Being a prequel book, we have a pretty clear idea where things are headed for this crew. It's kind of like Titanic in that way. We already know how it ends, so the point of the story lies in building toward that with an interesting cast to keep us entertained us while we wait for tragedy to strike. We certainly don't have to wait long for that tragedy, as the massive Event Horizon starship finds itself stuck in a literal interdimensional hell and a demonic king stalking its hallways, playing mind games amongst the scientists and engineers behind this experiment gone awry.
Issue 3 focuses on the ship's doctor, Peter, who was diagnosed with cancer two years earlier. He wants to die somewhere with a view "worthy of a thousand lifetimes." We know from the outset he's doomed, so it's just a matter of how he gets there. I won't spoil the particulars, but Jones's artwork is certainly worth the view, with some truly marvelous and horrifying splash pages and one particularly disturbing panel involving a conjoining of two crewmen that's spectacularly horrendous.
The opening splash page of the Event Horizon lost in the chaos realm is pin-up worthy, and the monstrosities of the chaos realm that have come to lay claim to the ship and crew are suitably gnarly.

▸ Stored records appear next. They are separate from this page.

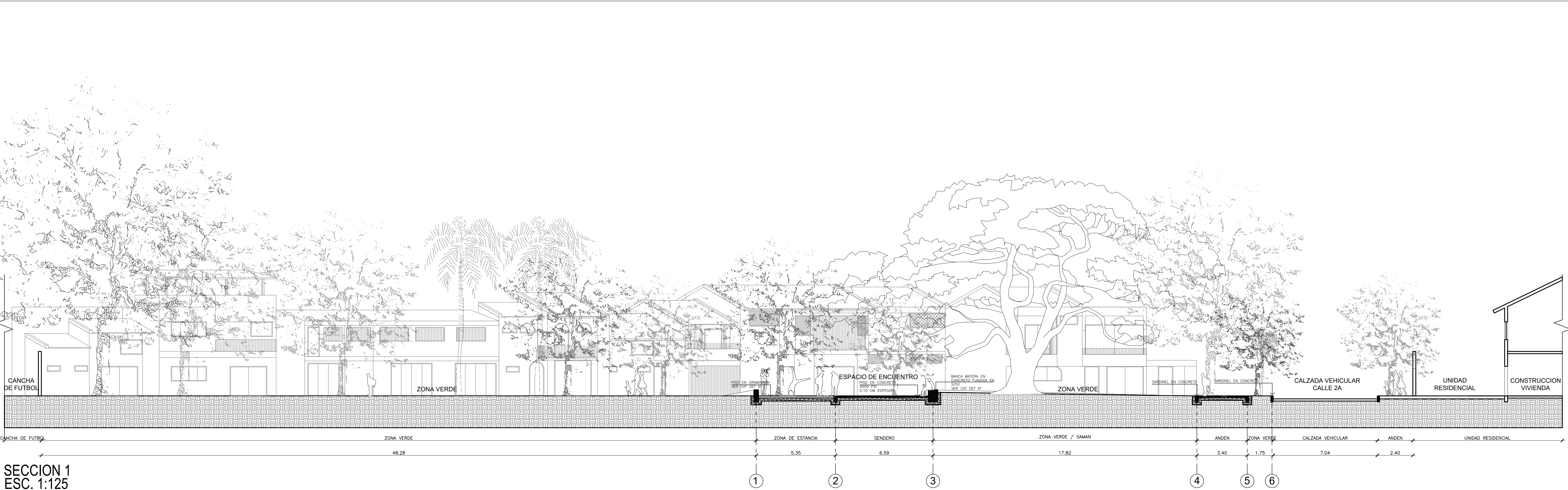
SECCION 1 ESC. 1:125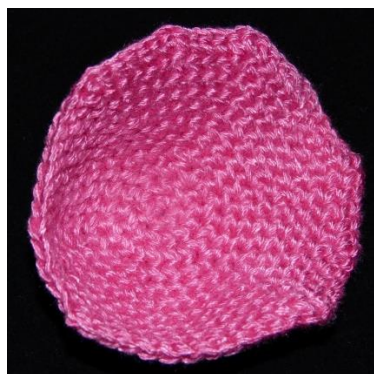
velký lístek (rub)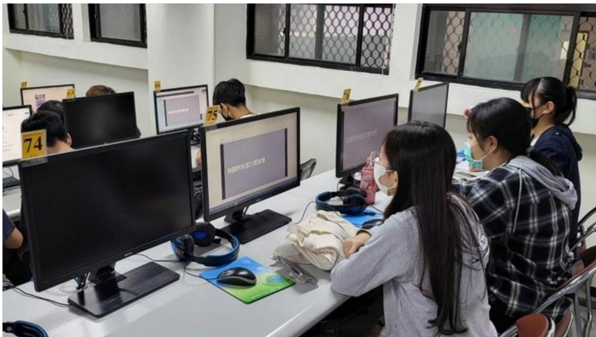
認真聽講的同學們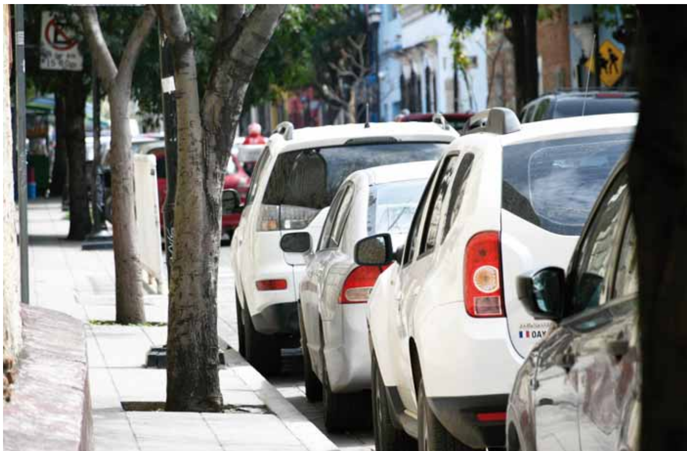
► Las calles del Centro Histórico y otras partes de la capital se han vuelto muy inseguras.

Apenas el domingo en la noche, una familia fue asaltada en conocido restaurante de la colonia Reforma,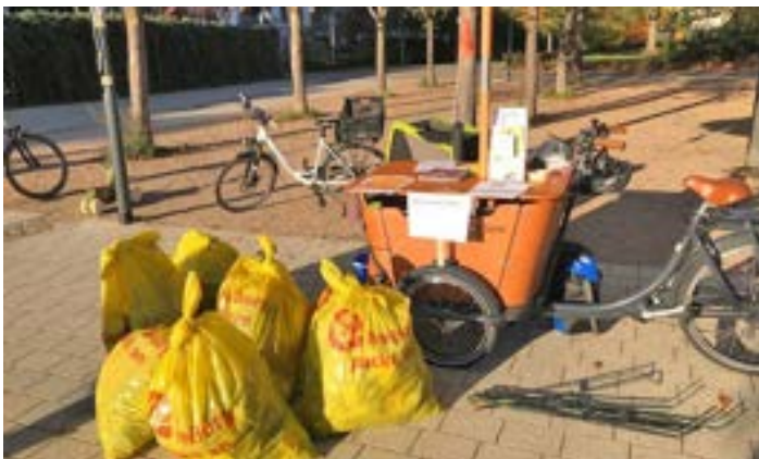
Ein Teil des Ergebnisses der Aktion: Sechs volle Säcke Müll.

Der „Runde Tisch Umwelt“ bedankt sich bei allen Beteiligten für die Teilnahme und Unterstützung und freut sich schon auf die nächste Müllsammelaktion im kommenden Jahr!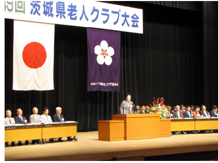
茨城県老人クラブ大会 (9/3)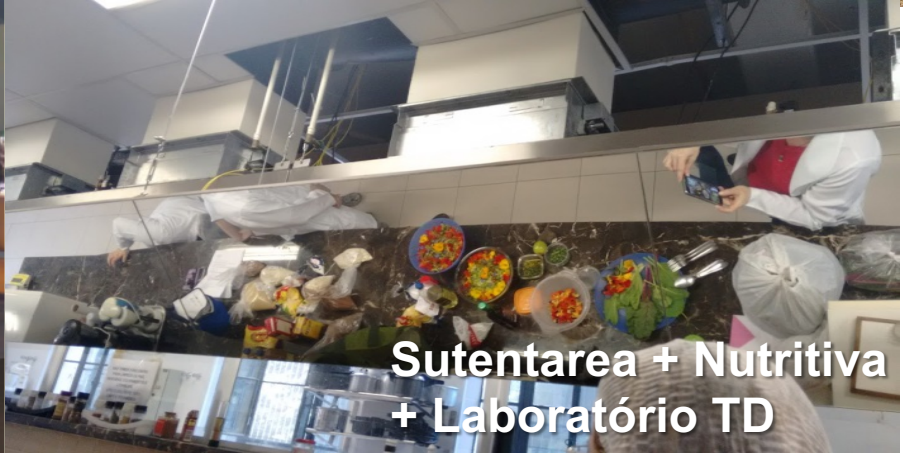
Sustentarea + Nutritiva + Laboratório TD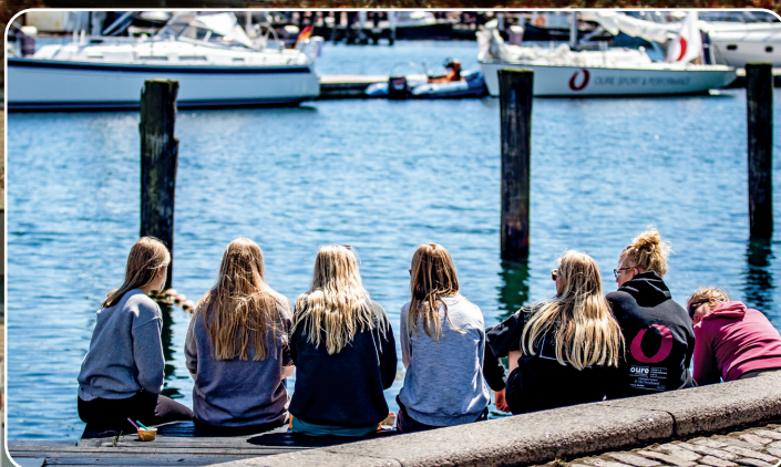
Cittaslow- det gode liv - er også mødet mellem by og havn.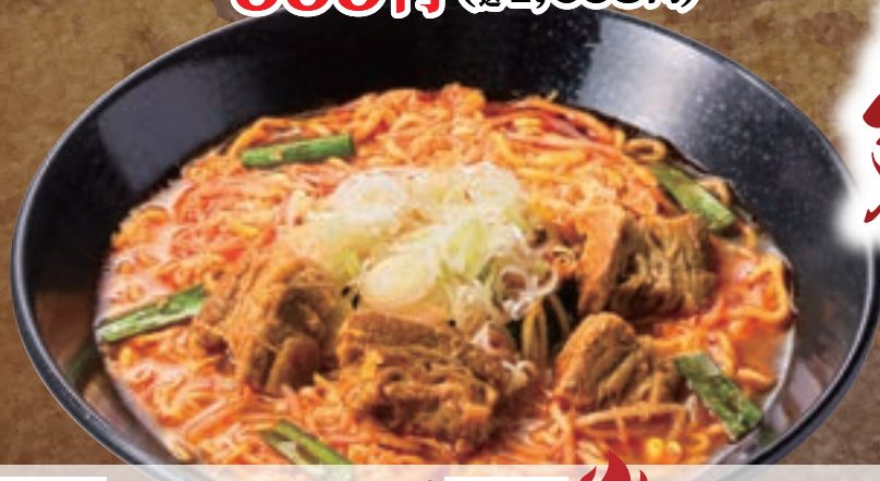
No. 5650 カルビラーメン 899円 (税込988円)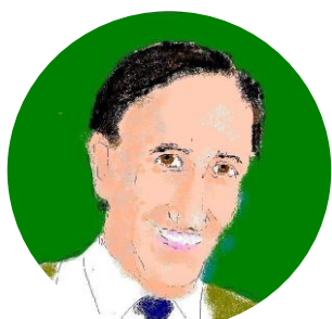
Ivan Illich, Le chômage créateur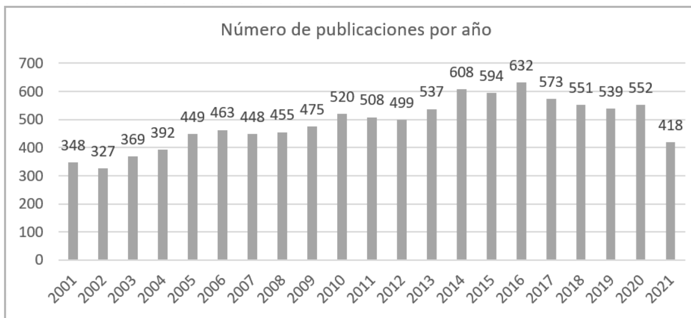
Figura 1. Progresión del número de publicaciones por año, período 2001 a 2021, en la base de datos PubMed, para la clave de búsqueda "vaccines" AND "VIH"

Con relación a la frecuencia de publicación en función de los años, en el periodo estudiado, el año con menor presencia corresponde al 2002 con 327 artículos publicados, mostrando una tendencia creciente permanente hasta el año 2016 donde se alcanza el máximo de publicaciones con 632 artículos mostrando un aumento del 93%, con respecto al 2002. El 2017 comienza un descenso de las publicaciones llegando a 539 artículos el año 2019, 552 el año 2020 y actualmente en lo que va del año 2021, 418 artículos publicados (figura 1).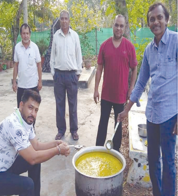
કોરોના વાઈરસને પગલે સર્જાયેલી હાલની પરિસ્થિતિને ધ્યાનમાં રાખીને નાગરિકોને કોરોના સામે લડવામાં મદદરૂપ થાય તે માટે અને શરીરમાં રહેલી રોગ પ્રતિકારક શક્તિ વધારવા માટે સેક્ટર ૩ ન્યુ ખાતે વસાહત મંડળ દ્વારા આયુર્વેદિક ઉકાળાના વિતરણનો કાર્યક્રમ હાથ ધરવામાં આવ્યો હતો.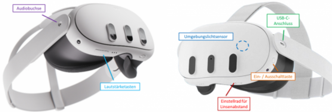
Abbildung 1: Aufbau des Headsets; eigene Darstellung verändert von links externe Verlinkung (10.10.2024) und rechts externe Verlinkung (10.10.2024)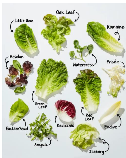
Slika 2.1.2.1. Varijeteti i tipovi salate

Looking at Jones's work, it's hard to not to feel as assaulted as the Horizon's passengers. There's so much atmosphere in these pages, with Ward's script and Jones's pencils working perfectly in synch with one another, that it's hard not to get lost inside the story. You certainly don't want to be there, but it's impossible to look away from. You have to turn those pages to see what awfulness comes next.
Ward's writing is endearing, too, immediately putting us on Paul's side and giving us somebody to root for. He also mixes in a certain bit of wry humor, like when one conjuration of a murdered colleague, who has a head riddled with glass shrapnel in a slight homage to Hellraiser, ensures their murderer to trust them because they still have "a very sharp mind." It's funny and grotesque in equal measure. But given that this is an Event Horizon book, it's the grotesque that ultimately wins out, and rightly so.